Désolée pour lui, Ikoma Soko retrouva Bokkaï, furieux. Furieux de ce refus, et d'avoir été pris de haut.
- Ce sont les moeurs ici, honorable Magistrat. Ces mandarins sont très tatillons. Trop pour nous autres militaires, qui ne supportons pas que-
- Trop pour moi, dit Bokkaï.
- Que comptez-vous faire pour ce soir ?
- Je vais trouver une auberge et je reviendrai demain. J'espère qu'il ne faut pas réserver sa chambre deux ans à l'avance.
- Non, fit le capitaine Soko, avec une amorce de sourire.
Bokkaï repassa les murs de la Cité, et revint dans le monde ordinaire. Celui où l'on regardait avec envie ce samuraï, admis sans attendre dans le saint des saints.
Le Scorpion retrouva son pilote et se fit transporter dans Hito, dans la partie du quartier située de l'autre côté de la rive. Là, il trouva une luxueuse auberge, où le repas, délicieux, le consola de ses malheurs. Dans sa chambre, des fleurs magnifiques, des peintures, des romans luxueusement reliés. Et trois geishas qui l'accueillirent en riant comme des enfants.
A souhaiter que les Otomo prennent quelques années pour le laisser entrer !
Bokkaï s'entendit ronfler et ouvrit un oeil. Il s'assit et se passa la main dans les cheveux, en éclatant de rire.
Il ne s'était pas autant amusé depuis longtemps !
Il mit gentiment dehors les trois filles, dénudées, enroulées dans les mêmes draps que lui et il passa un kimono et mit son masque. Les trois filles disparurent par un panneau, dans un dernier petit rire.
Bokkaï rit de plus belle, content de sa soirée. Il avisa le flacon de saké et se souvint d'un conseil donné, un soir, par Hida Shigeru, après un repas franchement arrosé :
- Pour éviter d'avoir une enclume dans la tête le matin, une solution : boire au réveil un verre du même saké que la veille !
Pourquoi pas ? Comme un soudard, le Scorpion but à la bouteille, en vérifiant qu'on ne l'épiait pas.
- A la santé de la Magistrature !
Le soleil se levait sur le fleuve. L'air était pur, les palais et les temples apparaissaient peu à peu dans le jour, leurs couleurs commençant à resplendir.
Des serviteurs, brosses et balais en main, entrèrent discrêtement, et nettoyèrent les restes de la nuit : une fleur de dahlia, un biwa, une épingle à cheveux...
- Quelle nuit mes aïeux, se dit encore Bokkaï en passant sur la terrasse.
Il huma l'air du matin et regarda les barques évoluer au fil de l'eau. Il apercevait un coin des murs de la Cité, avec les mêmes samuraï que la veille, qui commençaient à faire le pied de grue.

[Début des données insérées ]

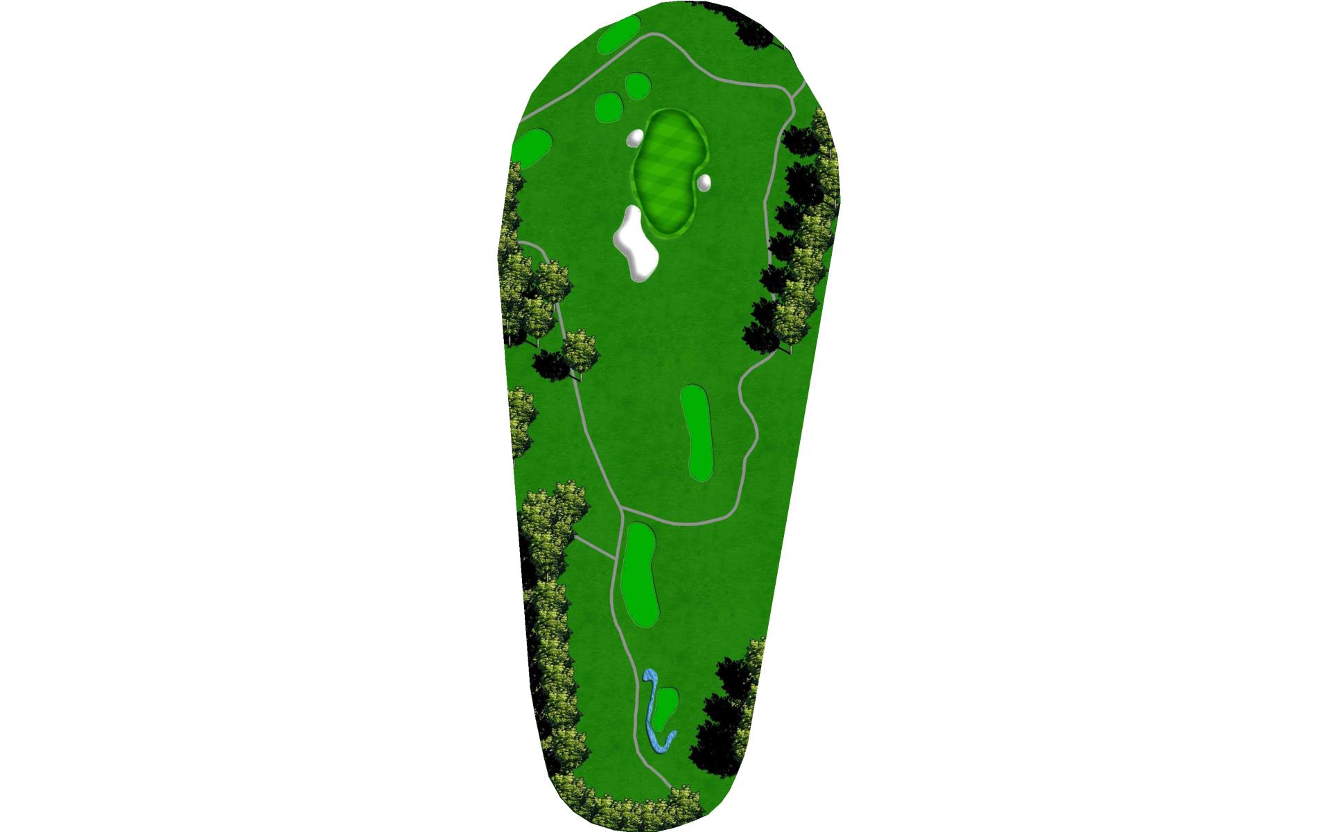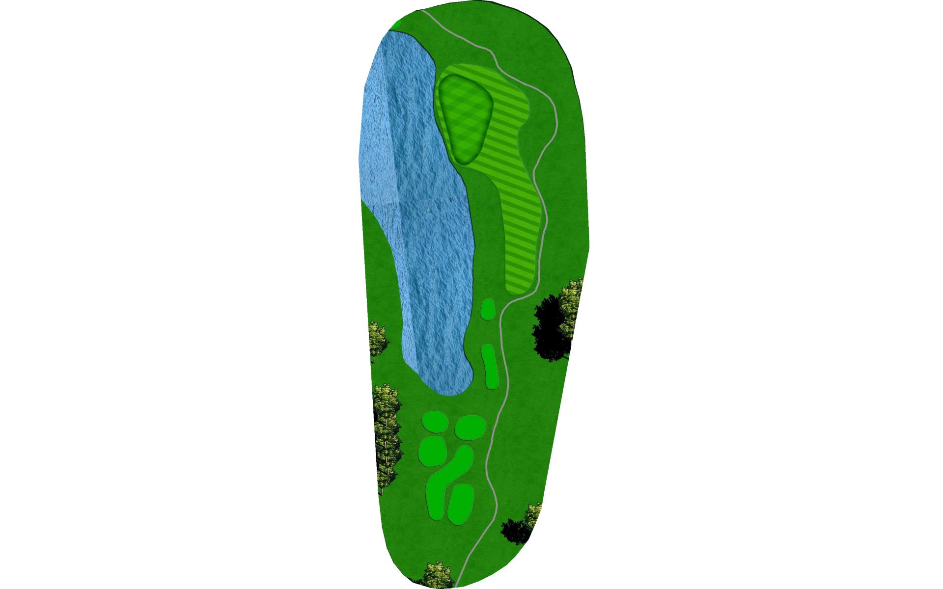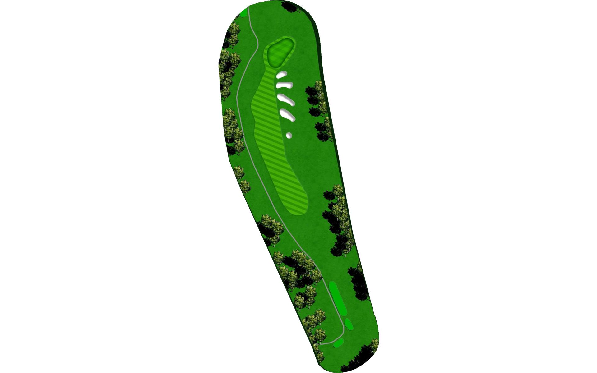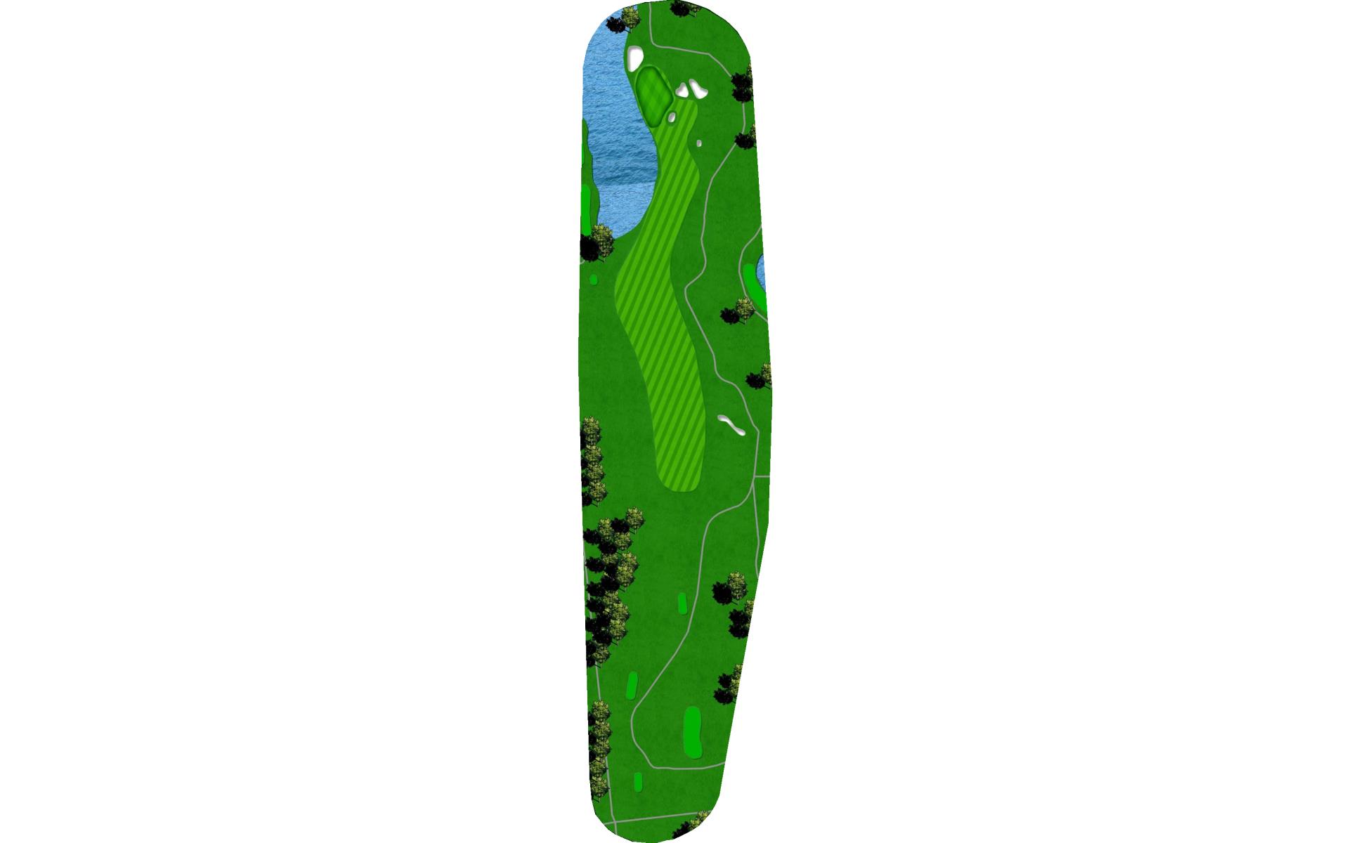 Downwind par 4 with pond at the end of fairway which lines the left side of green as well. Solid tee ball will leave short iron to relatively flat green. Avoid bunkers short right and long.

- Aujourd'hui, se dit Bokkaï, je vais rencontrer les Hanteï, je le sens !
Un petit quelque chose dans l'air...
Il regardait les passants. De nobles Grues, cernés de yojimbos. De gros marchands...

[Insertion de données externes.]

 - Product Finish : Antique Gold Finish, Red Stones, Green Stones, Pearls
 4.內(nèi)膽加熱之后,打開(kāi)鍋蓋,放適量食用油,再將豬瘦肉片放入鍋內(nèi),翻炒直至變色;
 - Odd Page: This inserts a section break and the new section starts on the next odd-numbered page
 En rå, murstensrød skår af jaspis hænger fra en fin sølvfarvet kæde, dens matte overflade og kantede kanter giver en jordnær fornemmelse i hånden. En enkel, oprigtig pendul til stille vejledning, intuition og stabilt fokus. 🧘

Bokkaï regarda plus fixement un samuraï qui évoluait dans la foule. Il le fixa nettement, et n'eut plus de doute. Comme il aurait été inconvenant de crier, il se précipita dans sa chambre, et s'habilla aussi vite qu'il put. Il descendit les marches en vitesse, à la surprise du personnel, pas accoutumé à voir un de ses clients courir ainsi, même ceux ayant trompé les cocus les plus haut placés !
Dans la rue, la foule avait déjà changé. Bokkaï marcha dans la rue, dans un sens, revint sur ses pas, passa devant son hôtel... Non, il avait disparu.
Pourtant, il était certain d'avoir vu Riobe.
Riobe, qui s'était jeté dans une ruelle, en voyant débouler le Scorpion. Si on l'apercevait, tout était perdu. Bokkaï avait fini par abandonner sa recherche et retourner dans son hôtel. Les autres Magistrats étaient-ils avec lui ?
Riobe repartit dans les rues de Hito. Il valait mieux trouver une autre entrée de la Cité Interdite. Il s'engagea sur le pont, où on le laissa passer sans problème : il avait de quoi payer, et en ces temps incertains, c'était un gage de solidité. Il arriva dans Kanjo, plus au sud, et traversa le quartier d'est en ouest, par les petites rues. Il avait l'impression que tout le monde le surveillait, que les yorikis étaient après lui.
Ridicule, il n'avait rien fait de mal. Il pouvait arguer qu'il était en mission pour Toturi... C'était risqué, mais qui sait ?... La traversée de Kanjo lui prit une partie de la mâtinée, puisqu'il zigzagait dans les petites ruelles, et aboutissait souvent à des impasses.
Enfin, il arriva au poste de yoriki de l'ouest. Là, ce n'était pas la même chanson. Aucune somme de kokus ne lui ouvrirait les portes de ces lieux. Il sentit alors qu'on l'attrapait par les poignets. On l'entraînait dans une ruelle, on le recouvrait d'un grand sac et on lui pressait une lame sur la gorge :
- Silence, tu entends... Silence... Et tout ira bien pour toi.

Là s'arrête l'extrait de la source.